Understanding Tag Paths

To understand the Tag Finder, the concept of a tag path is important. A tag path is a compact text representation of where some tag is located on a page. Consider this tag path:

html.body.div.a

This tag path refers to an <a>-tag inside a <div>-tag inside a <body>-tag inside an <html>-tag.

A tag path can match more than one tag on the same page. For example, the tag path above will match all of the <a>-tags on this page, except the third one:

<html>
  <body>
    <div>
      <a href="url...">Link 1</a>
      <a href="url...">Link 2</a>
    </div>
    <p>
      <a href="url...">Link 3</a>
    </p>
    <div>
      <a href="url...">Link 4</a>
      <a href="url...">Link 5</a>
      <a href="url...">Link 6</a>
    </div>
  </body>
</html>

You can use indexes to refer to specific tags among tags of the same type at that level. Consider this tag path:

html.body.div[1].a[0]

This tag path refers to the first <a>-tag in the second <div>-tag in a <body>-tag inside an <html>-tag. So, on the page above, this tag path would only match the "Link 4" <a>-tag. Note that indexes in tag paths start from 0. If no index is specified for a given tag on a tag path, the path matches any tag of that type at that level, as we saw in the first tag path above. If the index is negative, the matching tags are counted backwards, i.e. starting with the last matching tag which corresponds to index -1. Consider this tag path:

html.body.div[-1].a[-2]

This tag path refers to the second-to-last <a>-tag in the last <div>-tag in a <body>-tag inside an <html>-tag. So, on the page above, this tag path would only match the "Link 5" <a>-tag.

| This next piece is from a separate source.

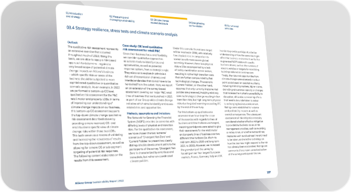 03.4 Strategy resilience, stress tests and climate scenario analysis 01 Introduction and strategy 02 Measuring and managing sustainability 03 Climate change related disclosure 04 Strengthening our foundation 05 Our universal principles Outlook The qualitative risk assessment represents an extensive exercise that occurred throughout much of 2022. Using this basis, we are able to apply a risk-based approach to determine – against a very broad scope of potential climate change impacts on Allianz’s business – which specific risks or areas of the business should be subjected to more sophisticated qualitative or quantitative scenario analysis. As an example, in 2022 we performed a bottom-up OE level qualitative risk assessment for the P&C retail motor and property LOBs. In terms of improving our understanding of climate change impacts on our business, this bottom-up OE assessment supports the top-down climate change qualitative risk assessment described above by providing a more nuanced, OE- and retail-business specific view of climate change risks within those two LOBs. This both serves as a means of validating and increasing the robustness of results from the top-down assessment, as well as allowing for a more OE or sub-segment targeting of potential risk responses. The following content elaborates on the results from this assessment. Case study: OE level qualitative risk assessment for retail P&C Given their business focus and flexibility, we consider qualitative approaches as suitable tools to identify risks and opportunities, as well as potential response options, from a strategic angle. They allow us to explore in principle a rich set of transmission channels and interdependencies that do not have to be hardwired from the outset. Here, we report on an extension of the survey-based assessment covering our major P&C retail lines of business that we launched in 2021 as part of our Group-wide climate change initiative which aims to identify and assess related risks and opportunities. Methods, assumptions and limitations The Network for Greening the Financial System (NGFS) provides six scenarios with differing levels of physical and transition risks. For the qualitative risk assessment, we have chosen the two ‘extreme’ scenarios of ‘Divergent Net-Zero’ and ‘Current Policies’ to present two clearly distinguishable development paths to the participants of the survey. ‘Divergent Net- Zero’ is characterized by ambitious and immediate, but rather un-coordinated climate policies. Under this scenario the net-zero target will be reached in 2050, with relatively low physical risks in comparison to scenarios with more severe global warming. However, these low physical risks will be accompanied by a lack of policy coordination across sectors, resulting in rather high transition costs that are further compounded by fast technological changes. The scenario ‘Current Policies’, on the other hand, assumes that only currently implemented policies are preserved, implying relatively slow technological change resulting in low transition risks, but high long-term physical risks due to global warming exceeding 3°C by the end of the century. For this bottom-up qualitative risk assessment we have kept the scope of the exercise with regards to lines of business and time horizons unchanged, meaning participants were asked to give their assessments for the retail motor and property lines of business over two different time horizons (i.e. short- to mid-term 2022 to 2030 and long-term 2031 to 2050). However, we increased the granularity of the survey by focusing on our four largest European markets; France, Germany, Italy and UK. In order to provide participants a better understanding of how the scenarios might affect the business environment we further augmented NGFS data with specific business drivers, such as the numbers of electric vehicles or targets for retrofitting buildings tailored to local markets. Finally, the risks and opportunities from climate change were assessed on a four- point scale based on qualitative criteria, including shrinking markets, higher claims, dwindling reinsurance capacity or changes that increase the market’s susceptibility to disruption, while also considering efforts that need to be undertaken to adapt to a changing business environment. Ratings were established for volume and profitability impacts as well as overall consequences. The subsequent assessment of risk mitigation necessity considered whether effective mitigation is provided by business-as-usual risk management practices, such as re-pricing or reinsurance, or whether extraordinary measures such as a business-line exit need to be taken, and whether a strategy on how the business might respond to the risk has already been elaborated. Ratings are commented for proper contextualization of the survey participants’ choices. Allianz Group Sustainability Report 2022 107

You can use an asterisk (‘*') to mean any number of tags of any type. For example, the tag path

html.*.table.*.a

refers to an <a>-tag located anywhere inside a <table>-tag, which itself can be located anywhere inside an <html>-tag. There is an implicit asterisk in front of any tag path, so you can simply write "table" instead of "*.table" to refer to any table tag on the page. The only exception is tag paths starting with a punctuation mark (‘.'), which means that there is no implicit asterisk in front of the tag path, so the tag path must match from the first (i.e. top-level) tag of the page.

With asterisks, you can create tag paths that are more robust against changes in the page, since you can leave out insignificant tags that are liable to change over time, such as layout related tags. However, using asterisks also increases the risk of accidentally locating the wrong tag.

You can provide a list of possible tags by separating them with '|', as in this tag path:

html.*.p|div|td.a

This tag path refers to an <a>-tag inside a <p>-, <div>-, or <td>-tag located anywhere inside an <html>-tag.

In a tag path, text on a page is referred to just as any other tag, using the keyword "text". Although text is not technically a tag, it is treated and viewed as such in a tag path. For example, consider this HTML:

<html>
  <body>
    <a href="url...">Link 1</a>
    <a href="url...">Link 2</a>
  </body>
</html>

The tag path "html.body.a[1].text" would refer to the text "Link 2".